C’est une bonne idée. À l’heure actuelle, des employés peuvent demander un congé pour leur fête religieuse tout en bénéficiant aussi des mêmes congés que ceux qui sont prévus dans l’année. Cela cré une injustice et certaines frustrations en milieu de travail. Dans notre charte, nous proposons donc une banque de congés civils, le même nombre de jours pour tous dont les gens pourraient se prévaloir à leur guise.

Dans le préambule de la charte de la laïcité du Cciel, vous reconnaissez les limites que pourra avoir la laïcité québécoise à cause de la Cour suprême du Canada.
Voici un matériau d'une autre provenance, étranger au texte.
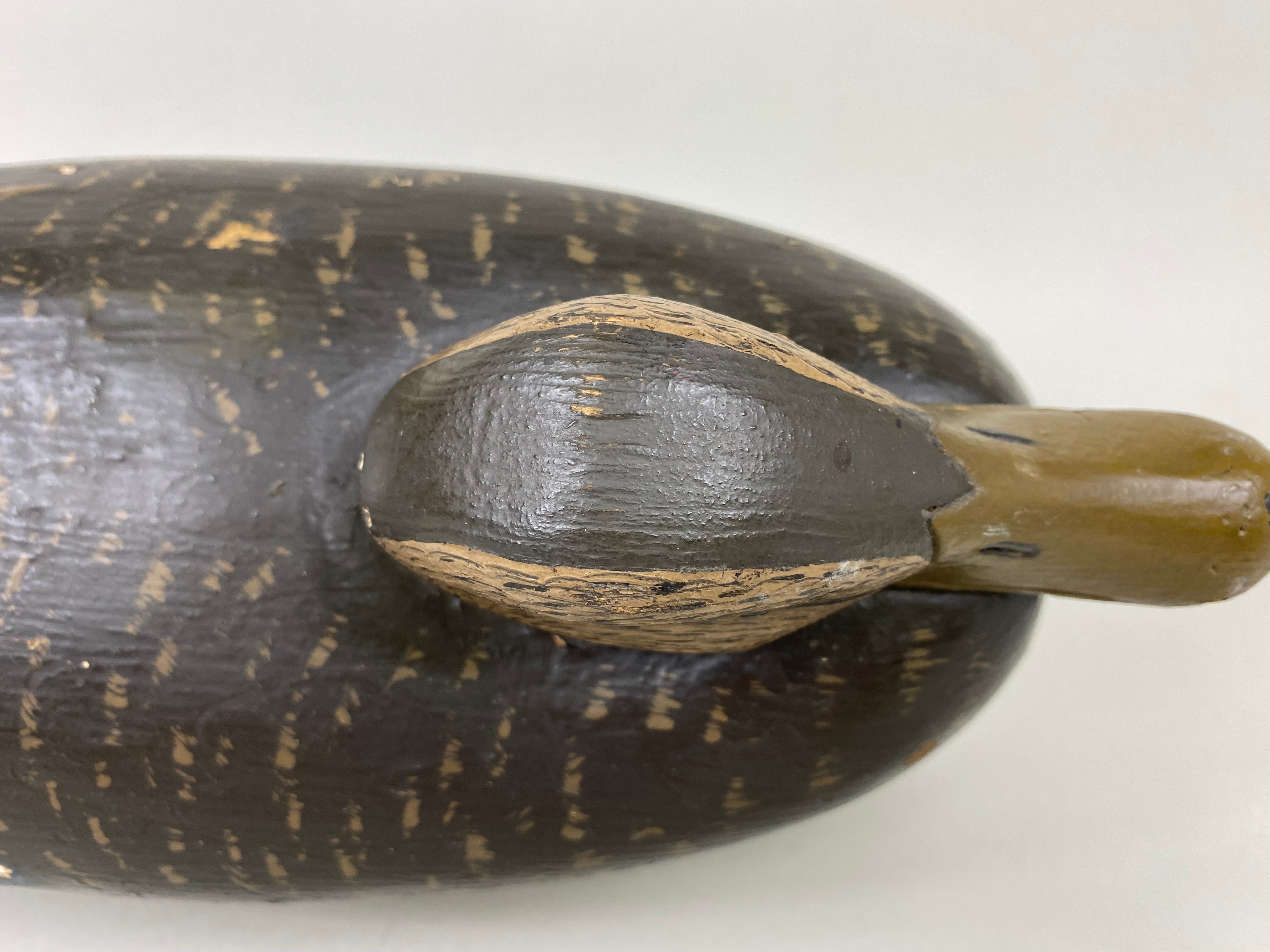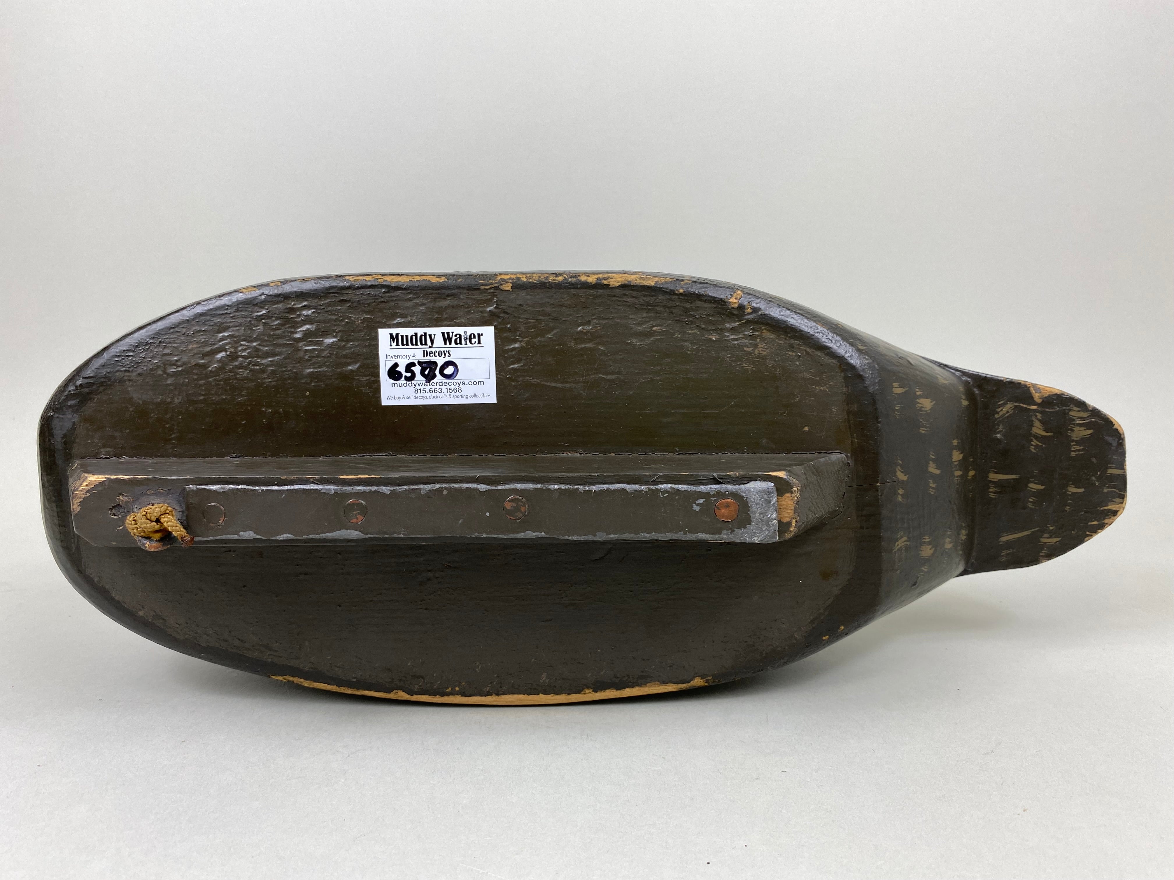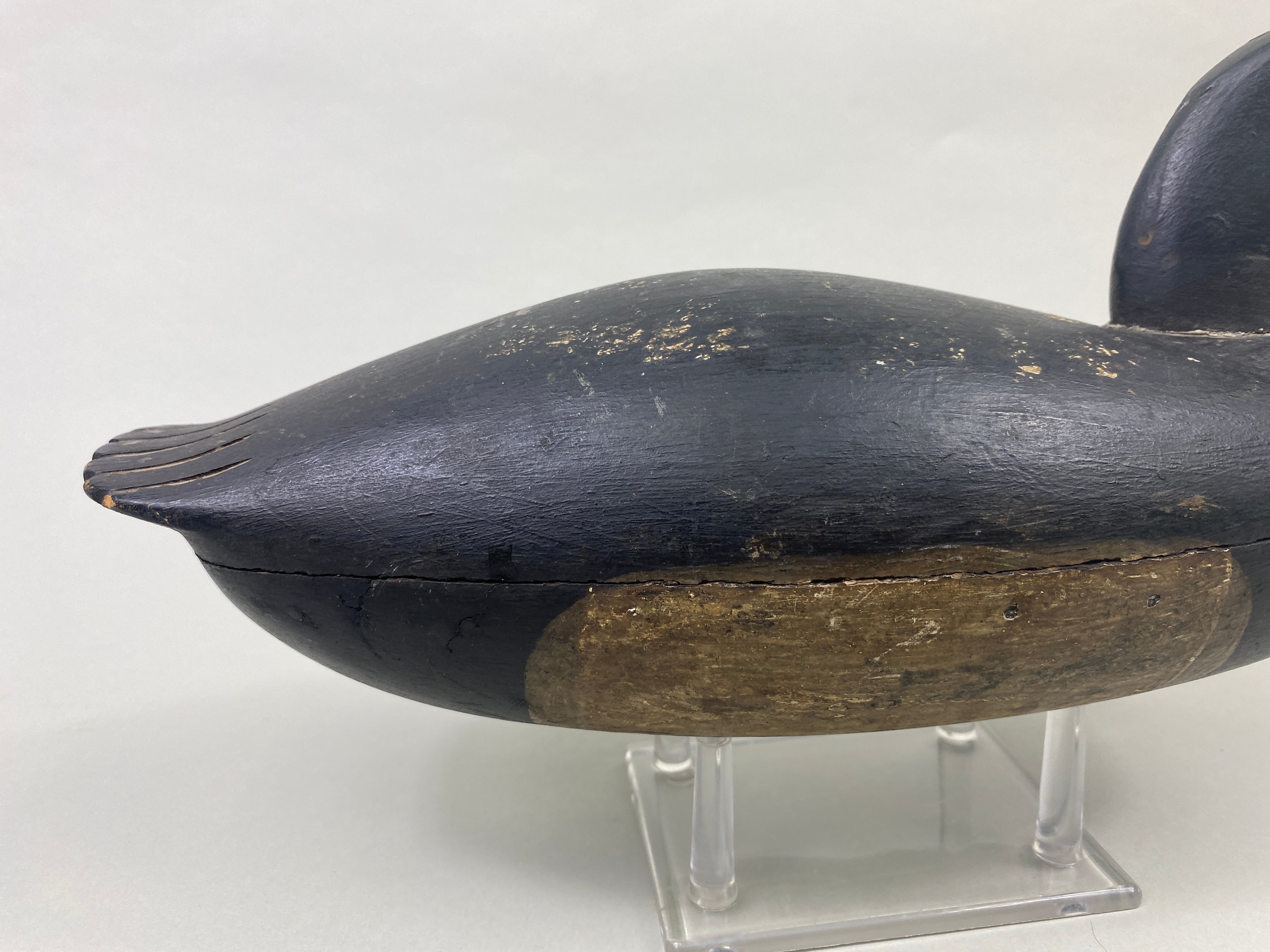 English Family Delaware River Bluebill Drake. Circa 1920's, hollow, old hunter repaint, glass eyes, carved tail, lead weight and piece of leather rigging strap on bottom, carved tail, hunting wear,...

À court terme, voyez-vous dans cette instance un changement de mentalité? Et dans le cas contraire, le Cciel voit-il sa charte dans un lien avec l’indépendance du Québec?

C’est évident que dans un Québec indépendant, cela faciliterait les choses. Nous n’aurions pas sur le dos les jugements de la Cour Suprême qui ont préséance sur ceux des cours provinciales. La vision multiculturelle des Canadiens diffère de la vision républicaine des Québécois qui favorisent la protection des droits collectifs sur les droits individuels reconnus par les Chartes. Cette conception juridique a permis au Québec de se doter, par exemple, d’une Charte de la langue française qui protège les droits collectifs des francophones plutôt que d’accorder la primauté aux droits individuels en matière linguistique. Il en va de la survie de notre langue et de notre culture comme peuple francophone en Amérique. Nous croyons qu’une Charte québécoise de la laïcité pourrait offrir une protection semblable des valeurs qui définissent notre identité.

Que penseriez-vous de l’idée que l’État créerait un organisme public permanent, tel un observatoire ou un ministère, qui analyserait au quotidien les usages politiques que font les religions, et qu’il partage ses analyses avec la population?

C’est une question qui mérite réflexion mais le gouvernement se méfie trop peu des religions pour même penser à mettre en place un tel type d’organisme.

Que dire à propos de la nourriture halal (cacher), issue de l’abattage rituel d’animaux?

C’est sur un autre front, dans ce cas-ci l’alimentaire, une façon de contester la laïcité et d’avoir un traitement différencié en fonction de sa religion. C’est ni plus ni moins qu’une contestation de la modernité dans laquelle on veut réinjecter du religieux. Et c’est aussi une façon de se distinguer de la société d’accueil en disant que nous ne mangeons pas comme vous. Et les intégristes ne se privent pas pour faire des demandes en ce sens. Mais les compagnies ne sont pas sensibles à ces considérations politiques et ne voient malheureusement dans ces demandes qu’un marché à développer pour faire davantage de profits.

Y a-t-il d’autres sujets que vous voudriez mentionnés?

Merci de cet entretien, madame Louise Mailloux.